MessageSujet: Simine - Les aventures d'une gnome dans un monde de grands   Simine - Les aventures d'une gnome dans un monde de grands EmptyLun 7 Oct - 13:41

Simine - Les aventures d'une gnome dans un monde de grands Screen46

- Le maillon faible -

Ça chauffe.
Ça siffle.
Ça s’agite.
Le prof crie, je panique, je recule.
Boum !
Plus moyen d’entendre ni de sentir quoi que ce soit dans les secondes qui suivirent. A ce moment, je peux seulement voir que je suis propulsée en arrière, et que ma machine explose dans une pluie de boulons et de pièces métalliques. Avant de m’écraser sur le sol métallique, j’utilise maladroitement ma magie, bien qu’à temps pour ralentir ma chute, ce qui fait que je peux au moins retomber sur mes pieds, même en chancelant. Puis je regarde ce que j’ai fait.
Le chauffe-pièce sur lequel je travaillais n’était plus qu’un tas informe de plaques de cuivre, noircies par l’explosion et tombant pitoyablement sur le sol. Des jets de vapeur s’échappent du cadavre agonisant de la machine, avant un dernier couinement indiquant que sa courte vie (d’une durée approximative de vingt minutes) venait de prendre fin. Depuis son estrade, l’instructeur me regardait avec colère, ses cheveux et sa barbe tout ébouriffés, le front plein de sueur.
- Tournevrille ! hurla-t-il. Ça fait le troisième prototype que vous explosez cette semaine ! Il faudrait quand même arrêter un peu, ou vous voulez priver les autres apprentis de sujets d’expérimentation ?!
- Désolée, m’sieur, répondis-je timidement. Je crois que c’est la magie qui a déréglé le régulateur.
- Quelle magie ? De feu, encore ? Mais combien de fois devrai-je vous répéter que vous ne devez pas l’utiliser pour les machines à moteur, ça fait sauter tout le carburant ! Encore un miracle que vous surviviez à toutes vos fichues explosions, Tournevrille !
Autour de moi, je pouvais déjà entendre les sempiternels rires de mes jeunes camarades, toujours à répéter la même sentence : “Simine la gobeline !”. Mais je n’étais pas une gobeline, j’étais une gnome. Ce n’était pas parce que je faisais exploser des appareils lors des cours qu’ils devaient à chaque fois m’affubler de ce surnom insultant ! Quoique, et si j’étais vraiment une gobeline, qu’un sortilège mal calculé ou une potion mal dosée avait changée en gnome ?
“Non, ne pense pas à ça Simine ! Si c’était le cas, tu ferais tout sauter volontairement.”
Ma petite voix devait quand même avoir raison.
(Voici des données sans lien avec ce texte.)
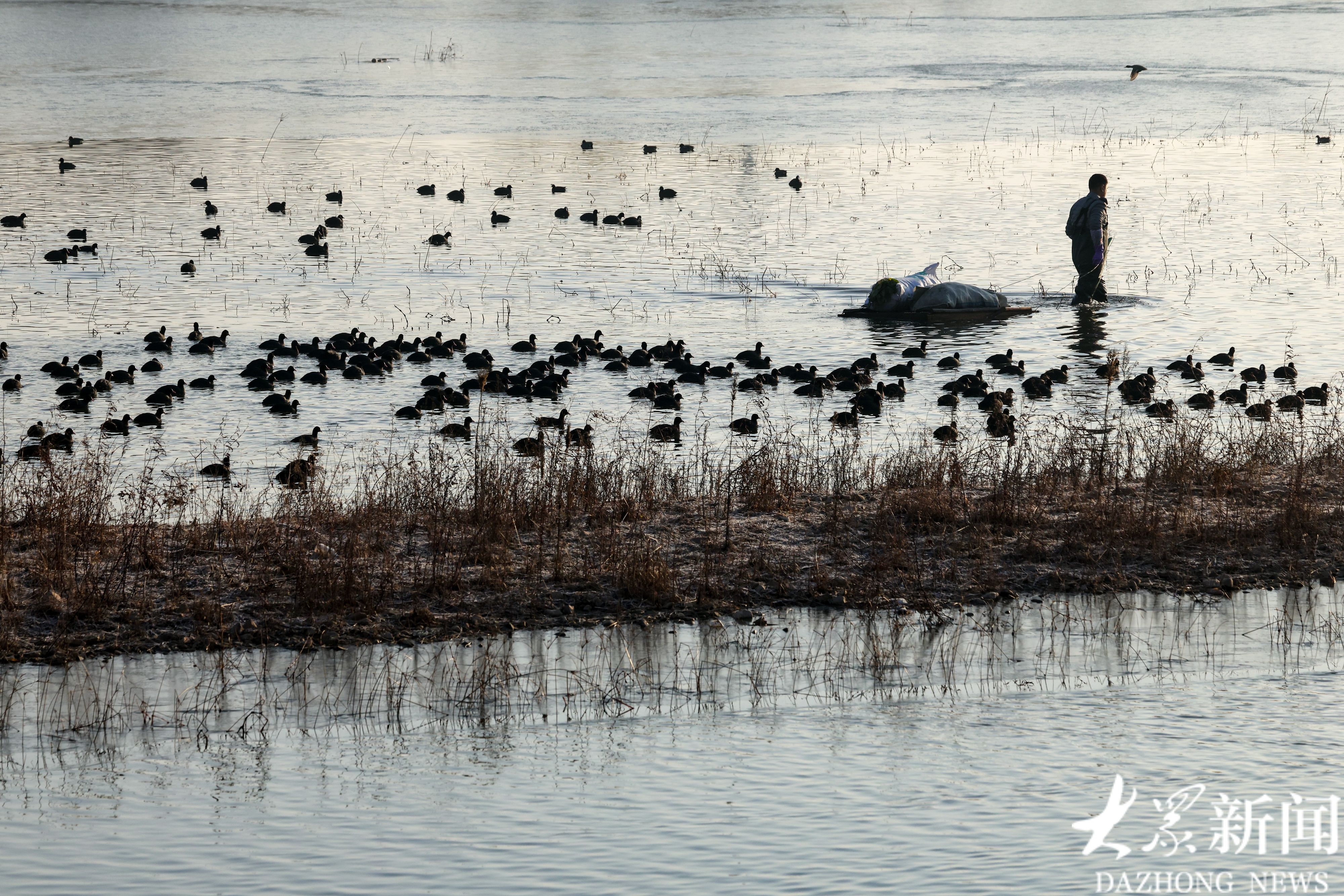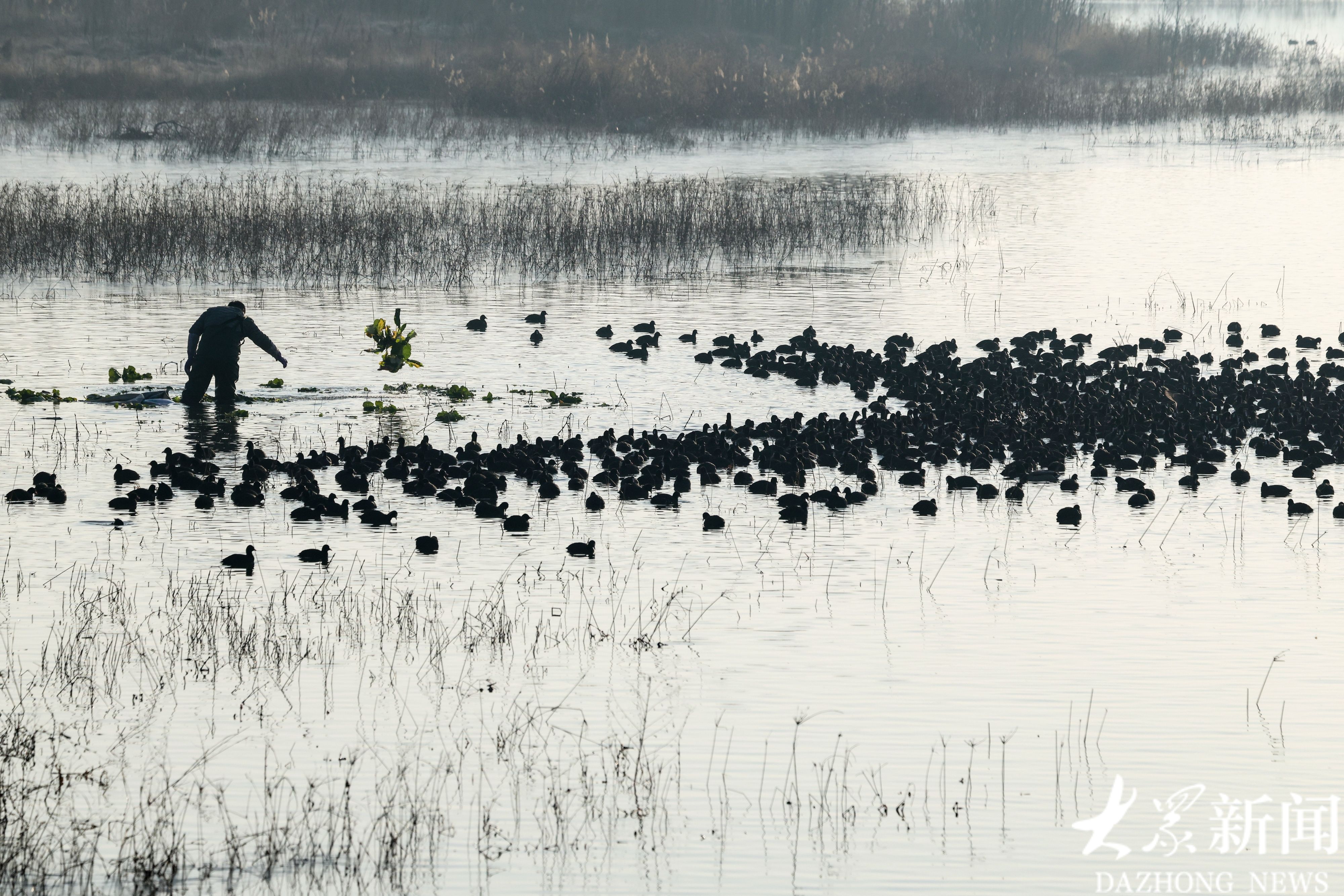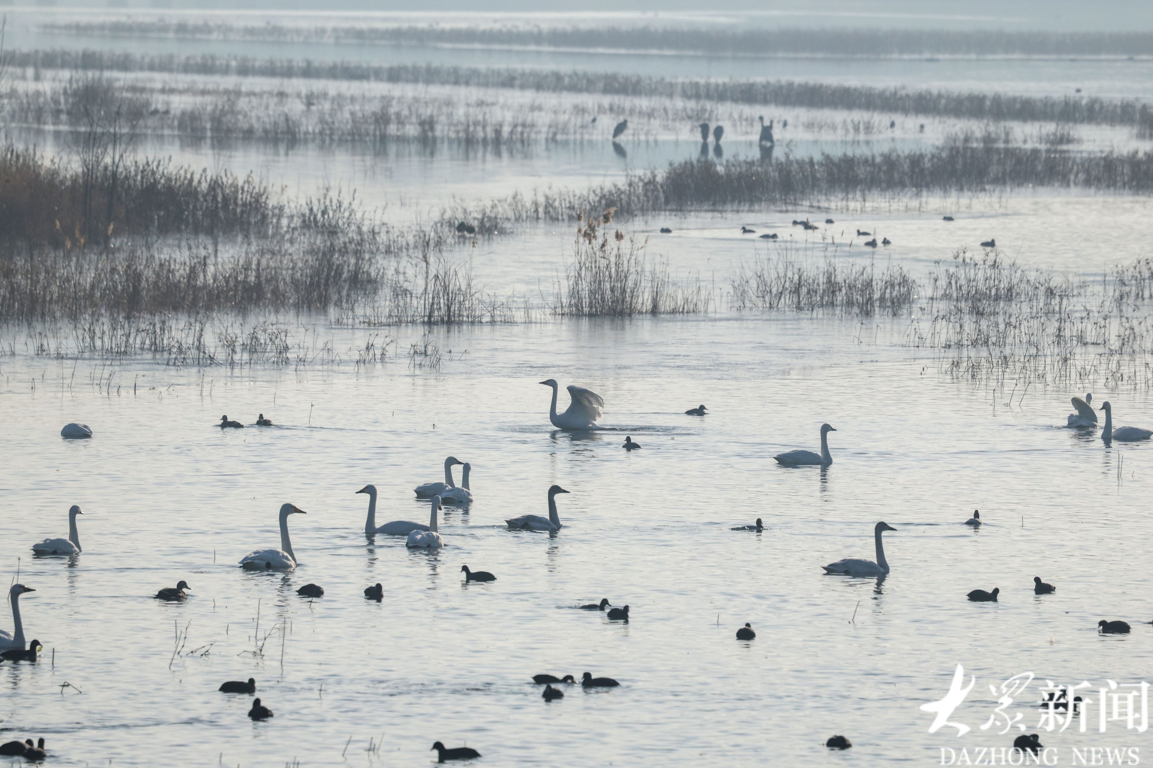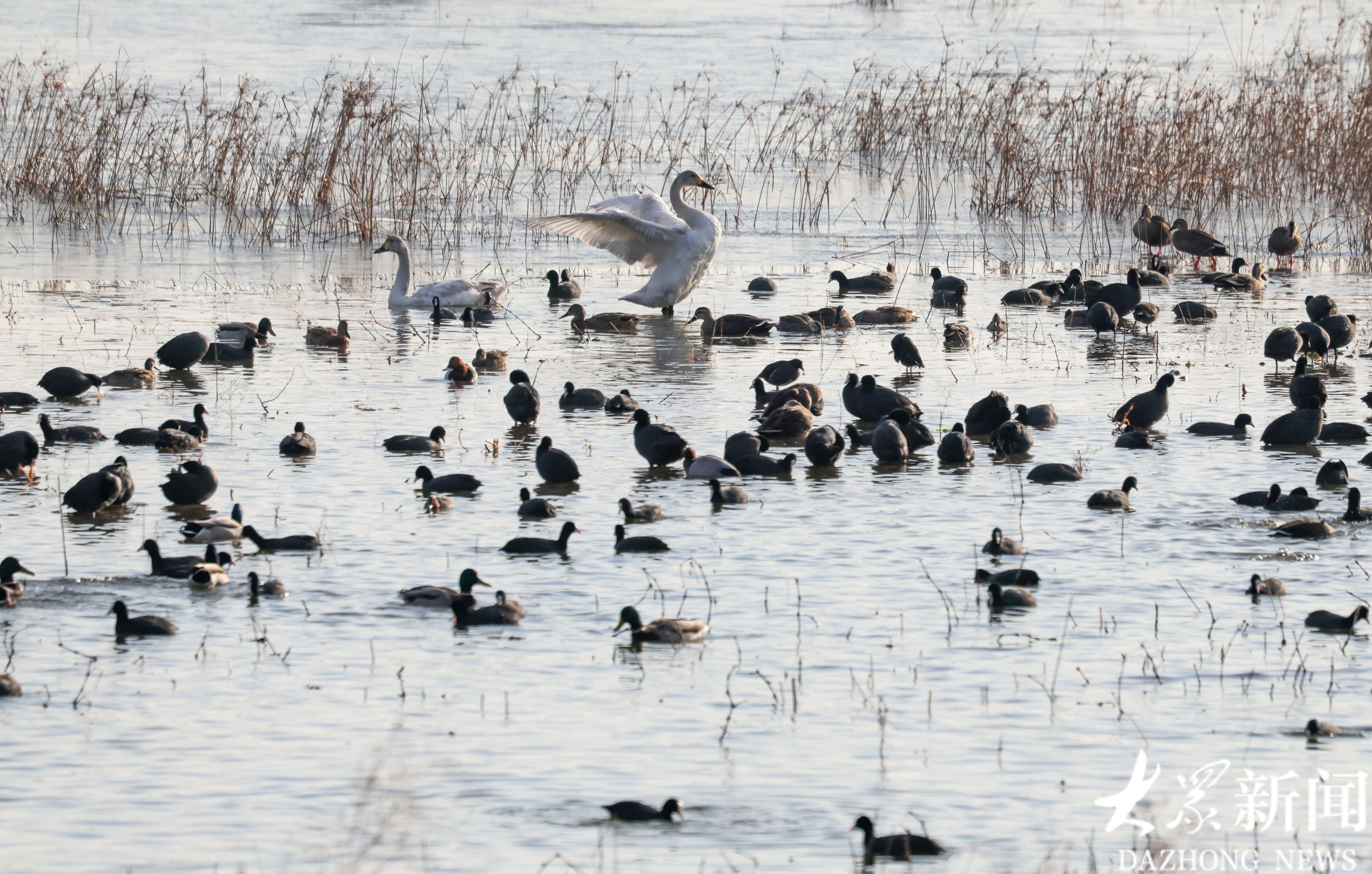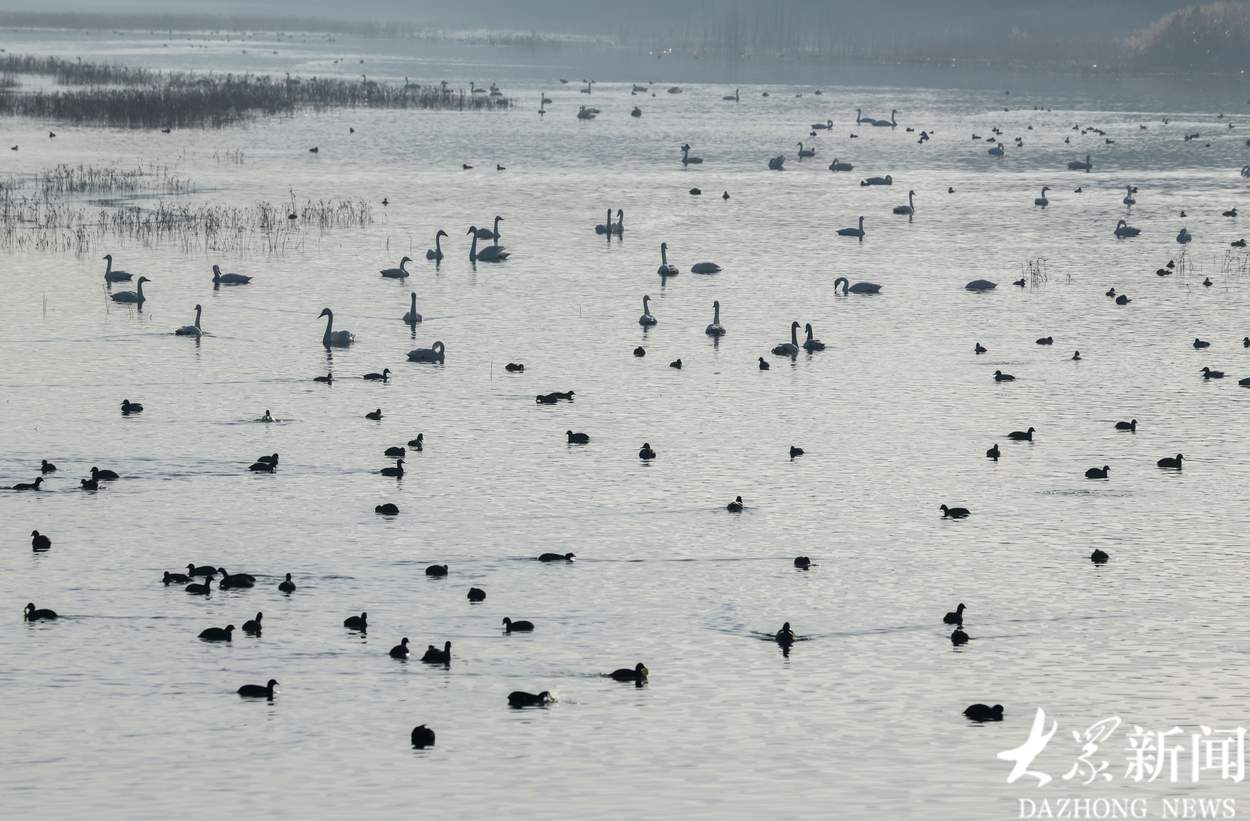 从每年11月初到来年2月中旬,守护这里的天鹅和水鸟,是刘明最重要的职责。“2014年刚来的时候,这里只有一只天鹅。如今,来这里越冬的大天鹅已经增加到了115只。”刘明指着水面介绍道,随着生态环境的改善,这里不仅留鸟多了,过客也多了。目前,常年在此越冬的鸟类有10多种,将这里作为迁徙点的鸟类更是超过80种,总数量突破1300只。

Je n’y étais pour rien si les machines que je construisais... que j’essayais de construire avaient la mauvaise habitude de m’exploser au nez. Tout ce que je voulais, c’était faire quelque chose d’innovant, de spectaculaire, que mes parents soient fiers de moi. Qu’ils puissent dire : “Ça, c’est l’oeuvre d’une vraie Tournevrille”, comme ils avaient l’habitude de le dire à mes frères et soeurs avant moi, dont tous avaient eu leurs diplômes à l’école supérieure d’ingénierie ou y étaient inscrits et figuraient dans le peloton de tête du classement. Hélas, il semblerait qu’il y avait eu un défaut de conception lorsque maman était enceinte de moi. Je n’étais pas aussi douée que les autres de la fratrie. Pas dans l’ingénierie en tout cas. J’avais comme seule consolation d’avoir un don pour la magie quand les autres n’en avaient pas, mais, à mon grand dam, nous étions une famille d’ingénieurs, pas de Mages.
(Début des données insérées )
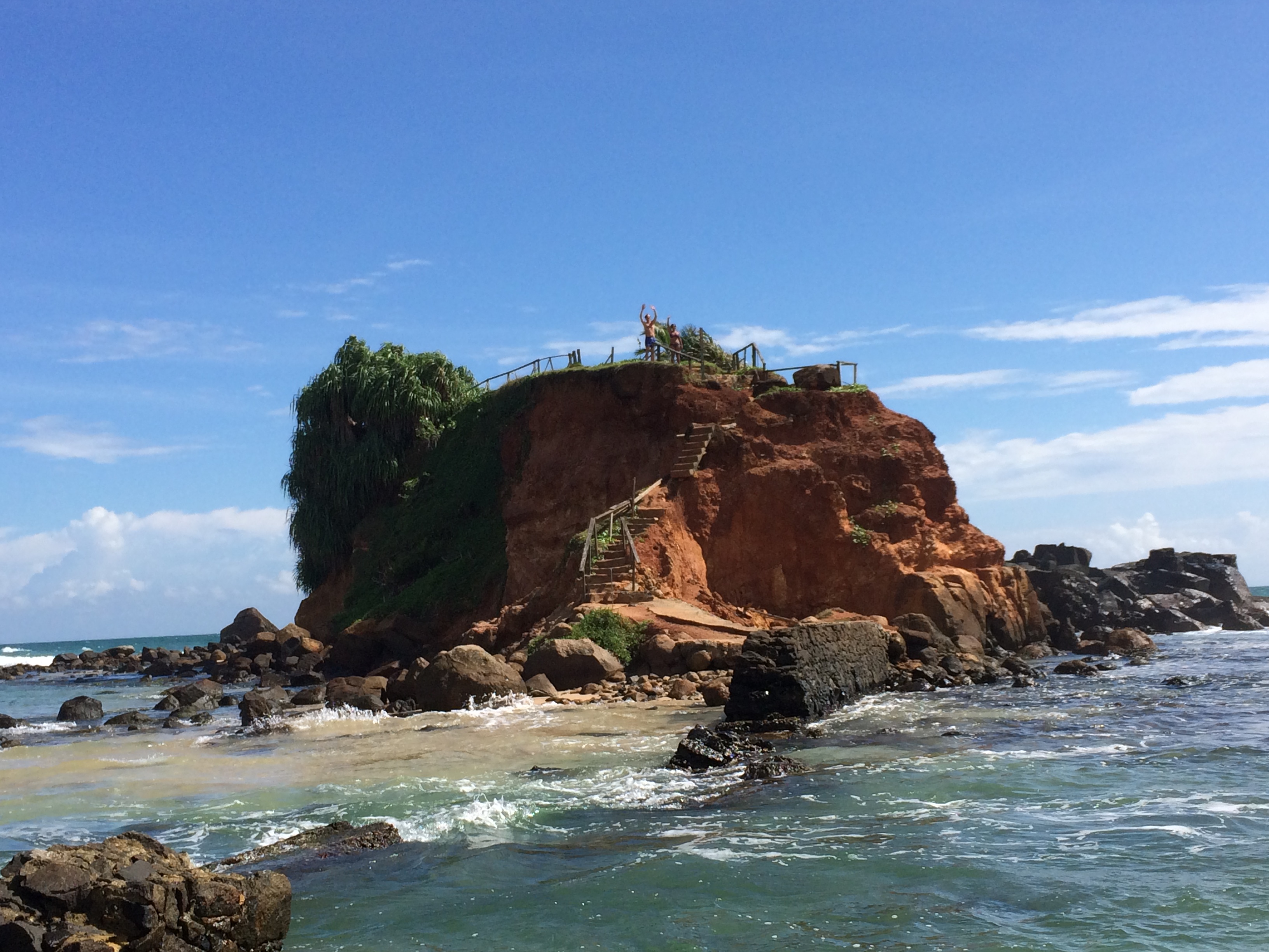 Der Ort Unawatuna heißt übersetzt „Falling Down“. Die Geschichte dazu erfahren wir von Thisara beim Besuch des Tempels „Rumassala Sri Viwekarama Vihara“ oberhalb von Jungle Beach und Japanes Peace Pagoda. Der Geschichte nach hat der König sich in eine junge Frau verliebt und entführt. Als diese krank wird, schickt der König den Affengott Hanoman los, um bestimmte Kräuter zur Heilung aus dem Himalaya zu holen. Hanoman vergisst den Namen der Kräuter und nimmt kurzerhand den ganzen Himalaya mit. Und auf dem Weg zurück fällt davon ein Stück ab, dort ist heute der Ort Unawatuna.
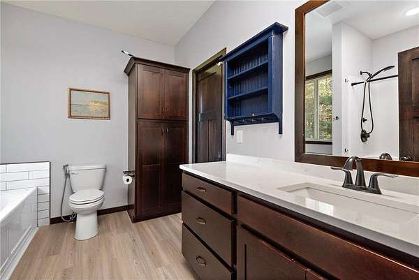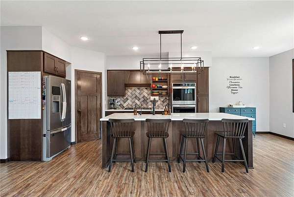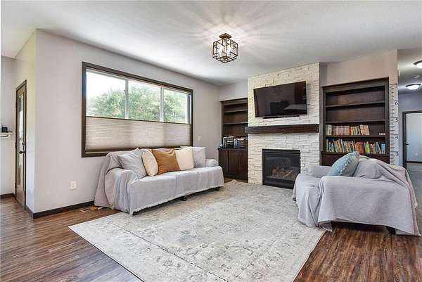 Welcome home to your private retreat in Big Lake! This beautiful 5-bedroom, 3-bathroom home sits on 2.5 acres surrounded by mature evergreens and abundant wildlife. Step inside to an open floor plan filled with natural woodwork and a cozy fireplace, creating a warm and inviting atmosphere. The main-level primary suite offers comfort and convenience, while the finished basement, with a roughed-in wet bar for future use, provides endless opportunities for entertaining. Enjoy the outdoors from the spacious deck overlooking a large, fenced-in backyard, perfect for gatherings, recreation, or even bow hunting in your own wooded paradise. The heated and insulated garage (with A/C) is ideal for hobbies, projects, or extra storage. This property combines privacy, functionality, and nature, all just minutes from town. Catch this opportunity to make it yours!

Et si j’étais la seule à échouer lamentablement mes créations mécaniques, ou bien à ne faire que des trucs banals et tellement simples que même un humain pourrait reproduire sans grands efforts, tout cela n’était dû qu’à ma mauvaise volonté.
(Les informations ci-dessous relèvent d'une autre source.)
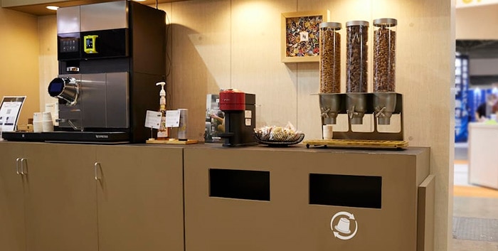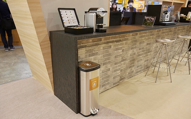 社内のコミュニケーション活性化や社員エンゲージメント向上に貢献する様々なオフィスコーヒーの活用シーンのご提案、いま世界規模で注目を集めるカーボン・ニュートラルや使用済みカプセルのリサイクルプログラムの取り組みなど、会場の様子をご紹介します。
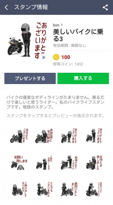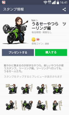 ん〜。 10Rって、わかるよな....。 ま。わからなくても、最新バイクに見えればいいさ! 彼女か奥様に使ってもらって、テンションあげてください。 http://line.me/S/sticker/1243094 がんばっちゃうよ。 JUGEMテーマ:ラインスタンプ
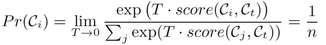 这里的 T 就是在训练阶段用来标准化采样分布的变量 temperature。作者认为不同的 T 值可以构造不同的采样条件。例如,T 越小,采样过程在不同的语料上差别就越小。例如,当 T=0 的时候,就相当于均匀采样,已经与语料相似度无关了:
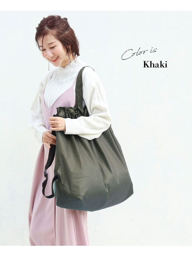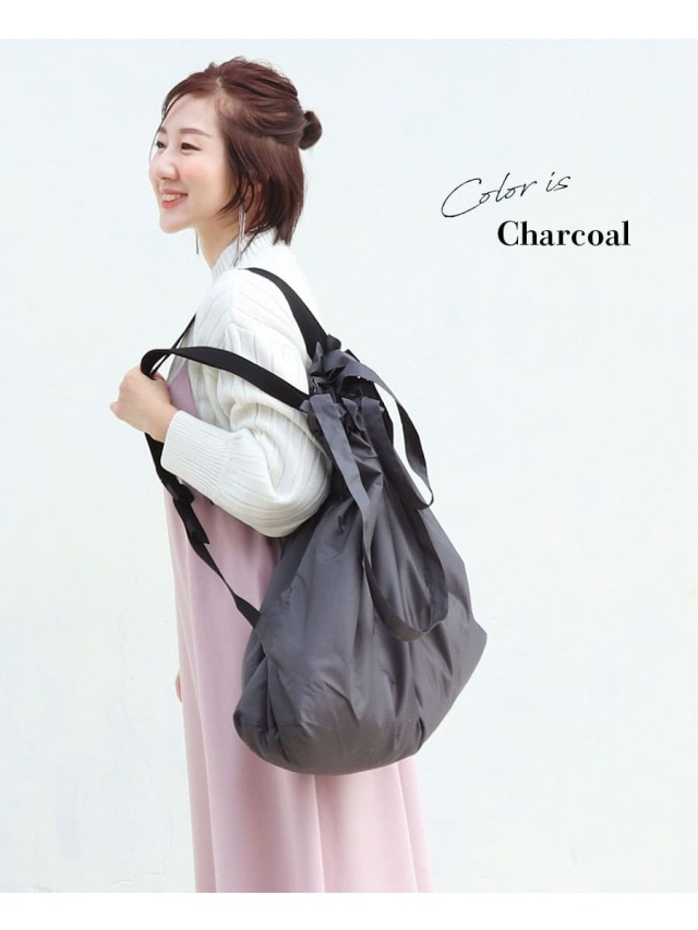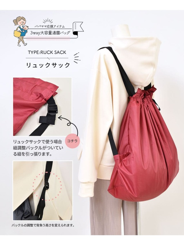 ※リュックになる部分のヒモは使用しない場合、ゴムで留めてください。

La sonnerie retentit, et je dus rester dans la salle pour nettoyer mon monstrueux massacre. Dès que le prof fut aussi parti, après m’avoir ordonné de rester, j’utilisais ma magie pour débarrasser tout le bazar bien plus vite qu’à la main. Sauf que sans entrainement, j’obtins pour seul résultat que les objets que je voulais faire léviter allèrent percuter d’autres machines, certains s’enflammèrent tous seuls et faillirent mettre le feu au laboratoire. Je pus limiter les dégâts en utilisant une magie de givre bafouillante, qui finit par se transformer en blizzard et ensevelir le fond de la salle sous une épaisse couche de neige.
- Le prof va me tuer... , soupirai-je en constatant la catastrophe.
Maintenant, j’avais vraiment peur. Est-ce que je devais vraiment rester ici, au risque que le prof ne revienne et ne me hurle dessus à cause de ma maladresse, ou devais-je m’en aller pour éviter la tempête ? Je choisis de rester. De toutes façons, l’instructeur verrait le massacre, et s’il ne me trouvait pas sur place pour me sermonner, il en parlerait à mes parents, qui se chargeraient de me faire la leçon lorsque je rentrerais. Triple sermon, en plus : un pour avoir échoué en cours, un pour avoir noyé les prototypes sous la neige, et un pour m’être enfuie puérilement. Des éclats de voix retentirent alors dans le couloir, et je compris que j’allais me faire doublement gronder. Avec l’instructeur arrivait mon père.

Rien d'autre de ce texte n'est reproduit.